# Kanaren



## Headless86 (26. November 2015)

g


----------



## scorp10n77 (26. November 2015)

*AW: Kanaren*

Wer billig kauft, kauft doppelt. Als ich kein Geld ausgeben wollte und konnte hab ich mir das immer anhören müssen, ich habe nicht drauf gehört. Aber ich sage dir, es ist die Wahrheit. Du musst für dich entscheiden, aber wenn du nochmal den ein oder anderen Urlaub in solchen Ecken machen willst dann besorg dir was vernünftiges.


----------



## Jose (26. November 2015)

*AW: Kanaren*

und ich darf dir noch was verraten: die wenigsten einheimischen haben tackle-flausen und die meisten nicht viel geld. 
aber fangen.
und über _"brauche definitiv eine Rolle bei der ich die Bremse recht fein  einstellen kann"_ würden die sich die hose nass machen.

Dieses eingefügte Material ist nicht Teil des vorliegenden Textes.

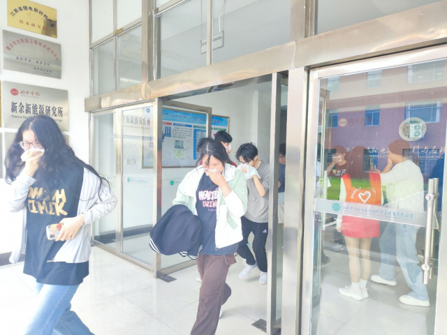 下午3点30,消防疏散应急演练正式开始,现场模拟实验楼内发生火灾。实验楼内出现浓烟,随即一阵急促的警报声响起,浓烟迅速蔓延,整栋楼烟雾滚滚。火情一经发现,保卫处立即组织人员赶赴各楼层进行应急疏散,应急救护组人员在一旁待命,随时准备急救。不到一分钟的时间,只见被困学生从所在楼层的两边沿中间楼梯移动,用衣物或沾满水的湿毛巾、手帕等捂住口鼻,低弯着腰,有序下楼,紧急疏散撤离至室外。与此同时,新余市消防救援支队新元大道特勤站消防员顺利到达现场,迅速实施营救,所有被困学生顺利脱险。

machst urlaub? 5 monate oder doch 3 wochen, klingt eher nach ersterem nach dem, was alles auf deinem wunschzettel steht... 
https://www.youtube.com/watch?v=eNVnJ8t_kaA


----------



## Headless86 (27. November 2015)

*AW: Kanaren*

text.


----------



## hans albers (27. November 2015)

*AW: Kanaren*

moin ...

das shimano modell kenn ich nicht,

weiss  nur ,das die spinfisher sehr robust ist, 
und erstmal nicht so schnell kaputtzukriegen...
sehr gutes preis/leistungsverhältnis.

zu den kanaren noch:
es macht auch sinn, 
ne posenmontage auf meeräschen,oder kleinere barschartige
zu fischen (zb .auch mit kleinem luftballon /drift)
(brot/fischfetzen/garnelen)

ansonsten hatte ich verschiedene mittelgrosse wobbler und
blinker+ federn zum spinnen dabei...


----------



## Fr33 (27. November 2015)

*AW: Kanaren*

Ich lese nicht so ganz raus was du vor hast... willst du nur ab und an vom Ufer aus Spinnfischen bzw. mal nen Nachansitz mit Köderfisch machen? Denn für ersteres reicht ne Hechttaugliche Reisespinnrute mit ner 4000er Rolle aus 


Bei weiterem kann dir Dario eher helfen.... der ist mir Boot usw. unterwegs und hat entsprechend mehr Erfahrung wenn es um mehr als nur Hafenfische geht...


----------



## Krallblei (27. November 2015)

*AW: Kanaren*

Noch ein Tipp auf den Inseln.

Nimm ein Vorfach so 0.20 und binde einen Einzelhaken in die Mitte. Dann alle 5cm einen kleinen Drilling. So 5-6 Stück.
Dann nimmst einen Sektkorken und ein Stück Baguette. Brot so 6-8cm lang abscheiden und in der Mitte teilen aber nicht alles durchschneiden. Dann das Brot aufklappen und um den Korken wickeln. Den Einzelhaken in den Korken und die Drillinge ringsrum im Brot versenken.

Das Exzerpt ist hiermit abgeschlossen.